-- WORK TO COMPLETE --
Before copying, set the images aside; then transcribe every entry below exactly.

-- Extracted data entries --
****************************************
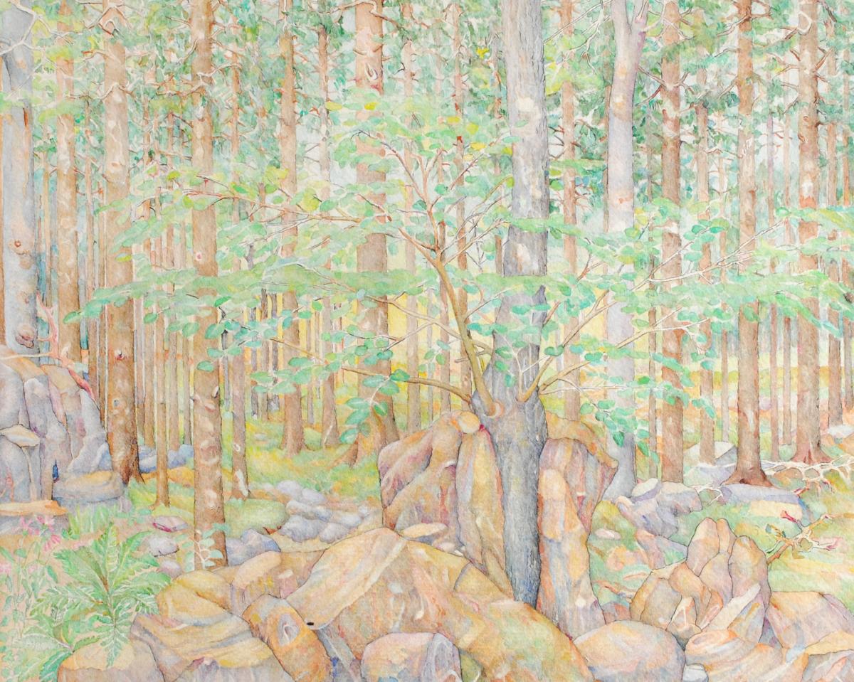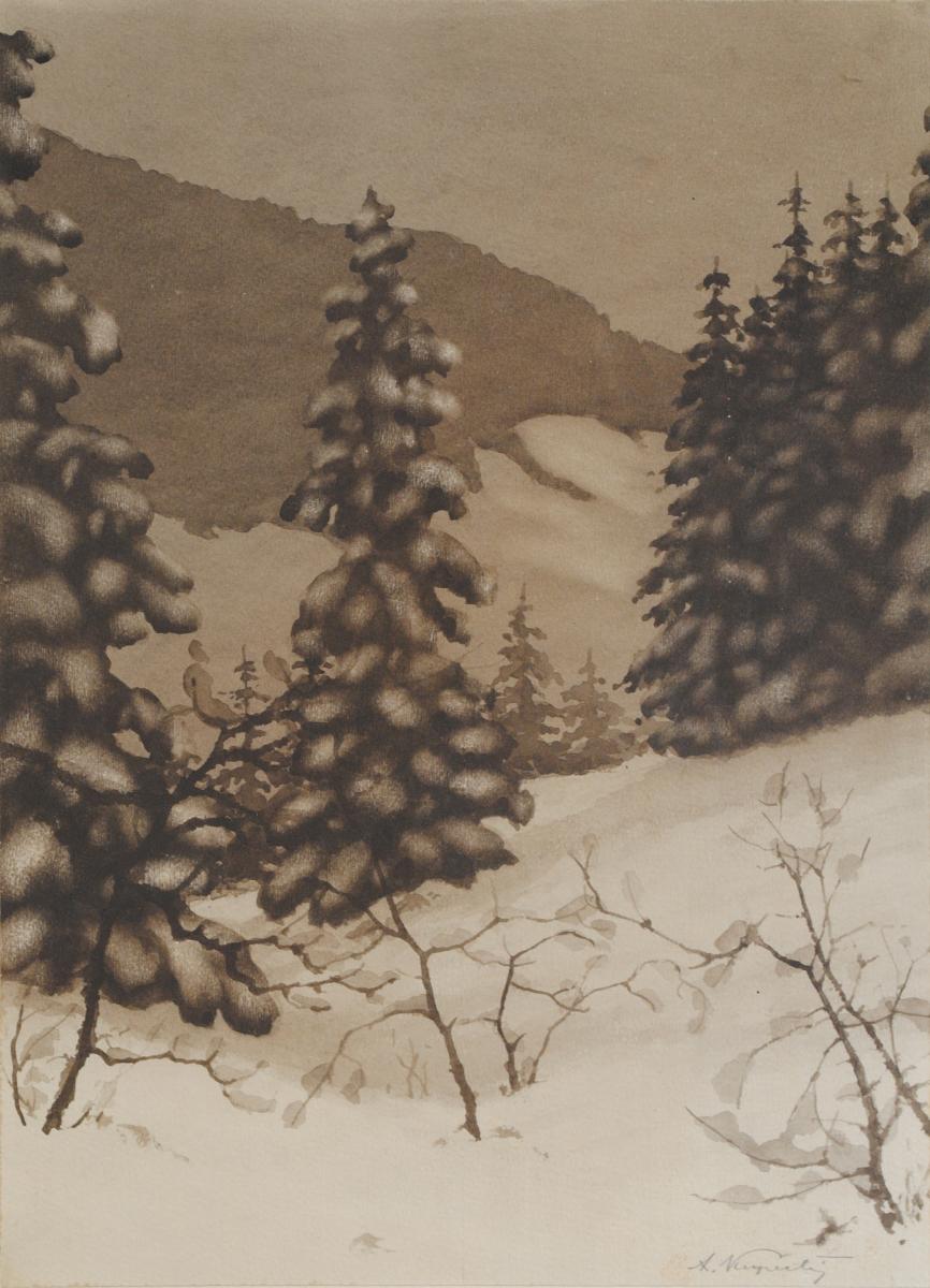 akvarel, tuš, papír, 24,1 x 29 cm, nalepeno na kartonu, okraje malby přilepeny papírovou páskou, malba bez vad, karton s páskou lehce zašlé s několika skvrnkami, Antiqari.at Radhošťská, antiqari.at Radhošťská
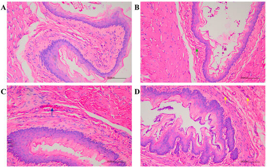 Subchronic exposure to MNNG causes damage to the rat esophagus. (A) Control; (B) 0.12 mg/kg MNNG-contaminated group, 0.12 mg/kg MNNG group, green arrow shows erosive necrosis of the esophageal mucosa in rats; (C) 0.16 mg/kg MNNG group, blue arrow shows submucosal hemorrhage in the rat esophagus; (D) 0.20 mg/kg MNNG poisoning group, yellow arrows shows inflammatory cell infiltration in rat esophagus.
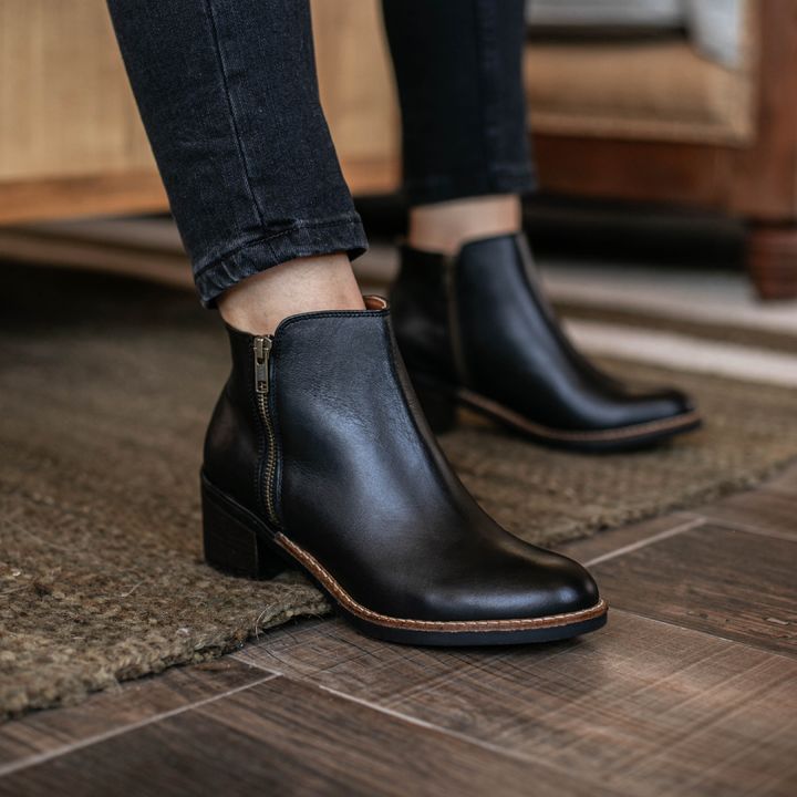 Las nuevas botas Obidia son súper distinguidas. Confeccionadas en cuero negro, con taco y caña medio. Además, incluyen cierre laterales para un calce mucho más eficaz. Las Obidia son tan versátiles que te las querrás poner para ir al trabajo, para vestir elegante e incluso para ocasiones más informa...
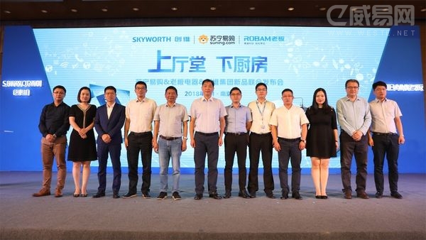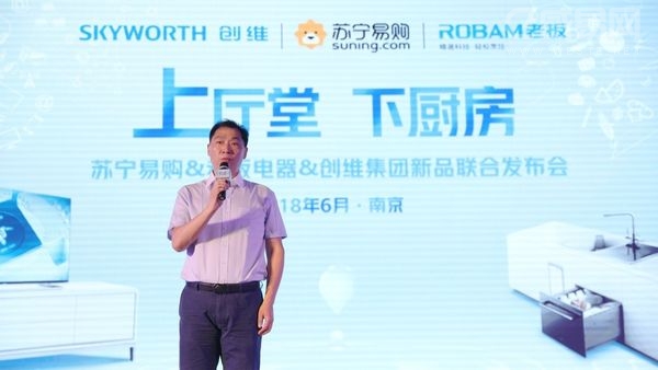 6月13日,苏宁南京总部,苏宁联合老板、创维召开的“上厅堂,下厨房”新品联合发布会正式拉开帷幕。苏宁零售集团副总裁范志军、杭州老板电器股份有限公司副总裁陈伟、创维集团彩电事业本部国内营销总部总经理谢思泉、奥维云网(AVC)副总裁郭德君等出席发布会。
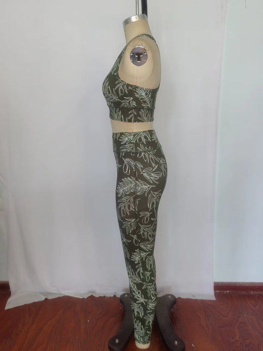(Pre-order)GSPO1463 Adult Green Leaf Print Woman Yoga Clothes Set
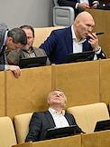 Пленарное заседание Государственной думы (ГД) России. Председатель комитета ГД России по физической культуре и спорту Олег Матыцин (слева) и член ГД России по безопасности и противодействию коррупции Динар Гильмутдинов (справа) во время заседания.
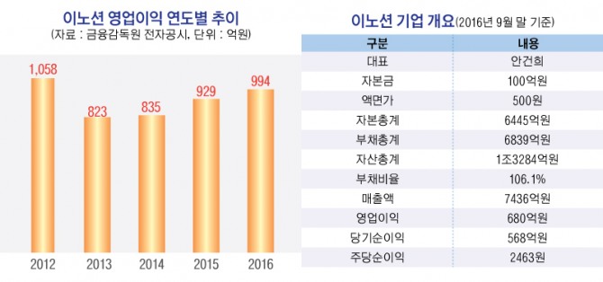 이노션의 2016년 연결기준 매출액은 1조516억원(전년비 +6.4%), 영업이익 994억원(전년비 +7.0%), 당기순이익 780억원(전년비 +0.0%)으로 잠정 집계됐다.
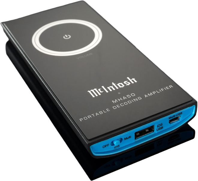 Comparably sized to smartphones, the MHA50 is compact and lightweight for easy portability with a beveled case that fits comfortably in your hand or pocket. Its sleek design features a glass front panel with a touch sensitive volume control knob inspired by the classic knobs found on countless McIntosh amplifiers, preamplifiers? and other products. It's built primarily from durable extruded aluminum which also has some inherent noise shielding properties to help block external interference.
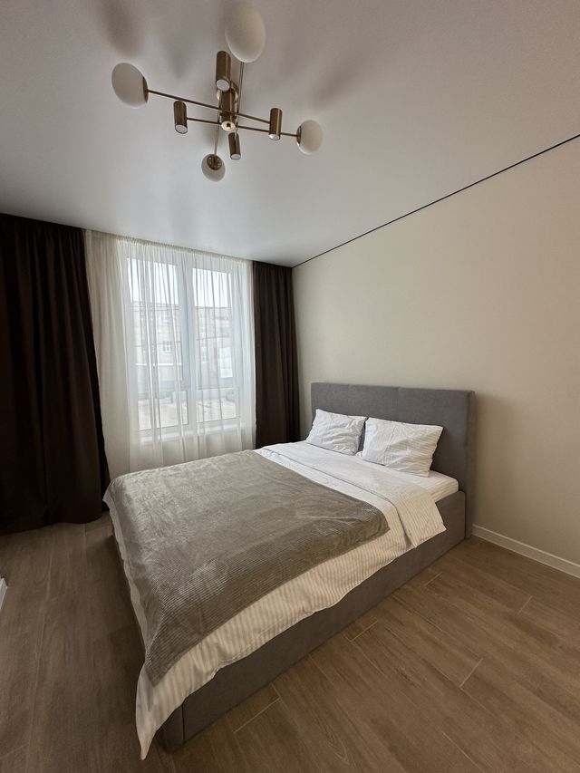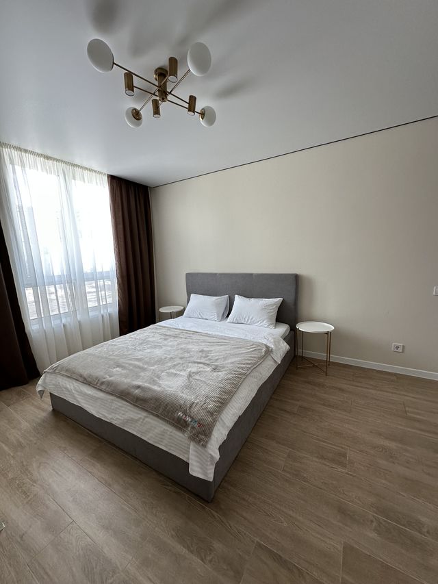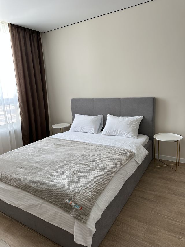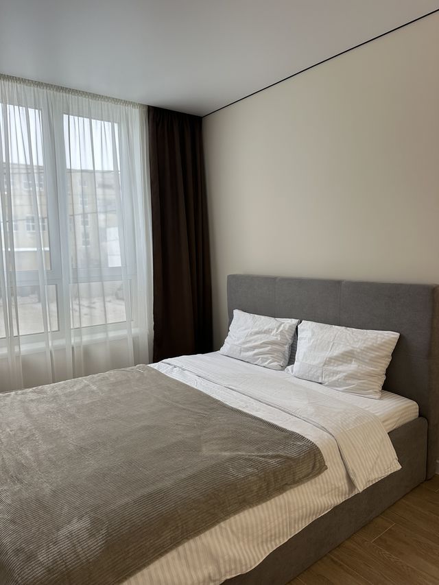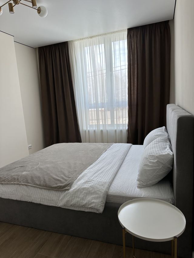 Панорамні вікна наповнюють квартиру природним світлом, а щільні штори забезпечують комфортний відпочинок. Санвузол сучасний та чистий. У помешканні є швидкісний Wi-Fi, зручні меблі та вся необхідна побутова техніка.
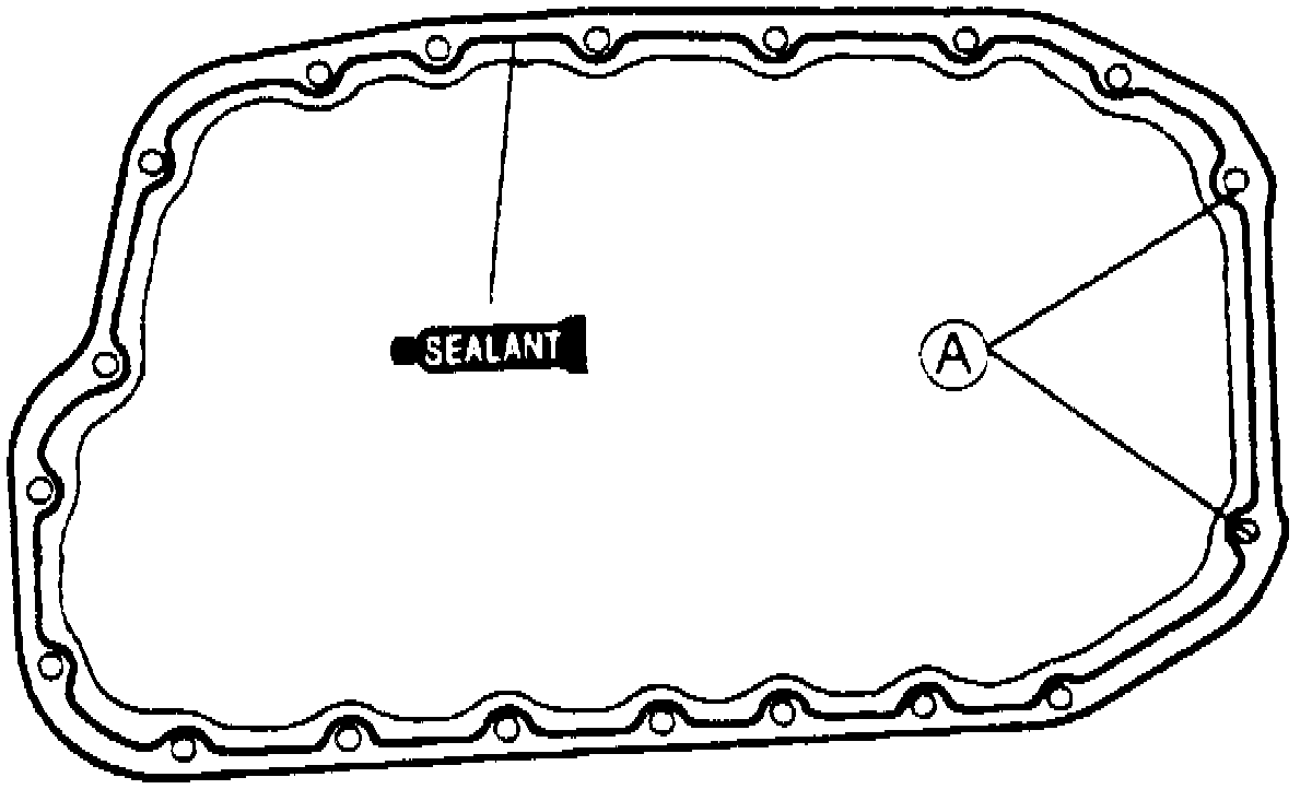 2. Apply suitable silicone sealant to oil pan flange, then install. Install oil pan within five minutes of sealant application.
****************************************
-- RESPONSE BELOW --
 akvarel, tuš, papír, 24,1 x 29 cm, nalepeno na kartonu, okraje malby přilepeny papírovou páskou, malba bez vad, karton s páskou lehce zašlé s několika skvrnkami, Antiqari.at Radhošťská, antiqari.at Radhošťská
 Subchronic exposure to MNNG causes damage to the rat esophagus. (A) Control; (B) 0.12 mg/kg MNNG-contaminated group, 0.12 mg/kg MNNG group, green arrow shows erosive necrosis of the esophageal mucosa in rats; (C) 0.16 mg/kg MNNG group, blue arrow shows submucosal hemorrhage in the rat esophagus; (D) 0.20 mg/kg MNNG poisoning group, yellow arrows shows inflammatory cell infiltration in rat esophagus.
 Las nuevas botas Obidia son súper distinguidas. Confeccionadas en cuero negro, con taco y caña medio. Además, incluyen cierre laterales para un calce mucho más eficaz. Las Obidia son tan versátiles que te las querrás poner para ir al trabajo, para vestir elegante e incluso para ocasiones más informa...
 6月13日,苏宁南京总部,苏宁联合老板、创维召开的“上厅堂,下厨房”新品联合发布会正式拉开帷幕。苏宁零售集团副总裁范志军、杭州老板电器股份有限公司副总裁陈伟、创维集团彩电事业本部国内营销总部总经理谢思泉、奥维云网(AVC)副总裁郭德君等出席发布会。
(Pre-order)GSPO1463 Adult Green Leaf Print Woman Yoga Clothes Set
 Пленарное заседание Государственной думы (ГД) России. Председатель комитета ГД России по физической культуре и спорту Олег Матыцин (слева) и член ГД России по безопасности и противодействию коррупции Динар Гильмутдинов (справа) во время заседания.
 이노션의 2016년 연결기준 매출액은 1조516억원(전년비 +6.4%), 영업이익 994억원(전년비 +7.0%), 당기순이익 780억원(전년비 +0.0%)으로 잠정 집계됐다.
 Comparably sized to smartphones, the MHA50 is compact and lightweight for easy portability with a beveled case that fits comfortably in your hand or pocket. Its sleek design features a glass front panel with a touch sensitive volume control knob inspired by the classic knobs found on countless McIntosh amplifiers, preamplifiers? and other products. It's built primarily from durable extruded aluminum which also has some inherent noise shielding properties to help block external interference.
 Панорамні вікна наповнюють квартиру природним світлом, а щільні штори забезпечують комфортний відпочинок. Санвузол сучасний та чистий. У помешканні є швидкісний Wi-Fi, зручні меблі та вся необхідна побутова техніка.
 2. Apply suitable silicone sealant to oil pan flange, then install. Install oil pan within five minutes of sealant application.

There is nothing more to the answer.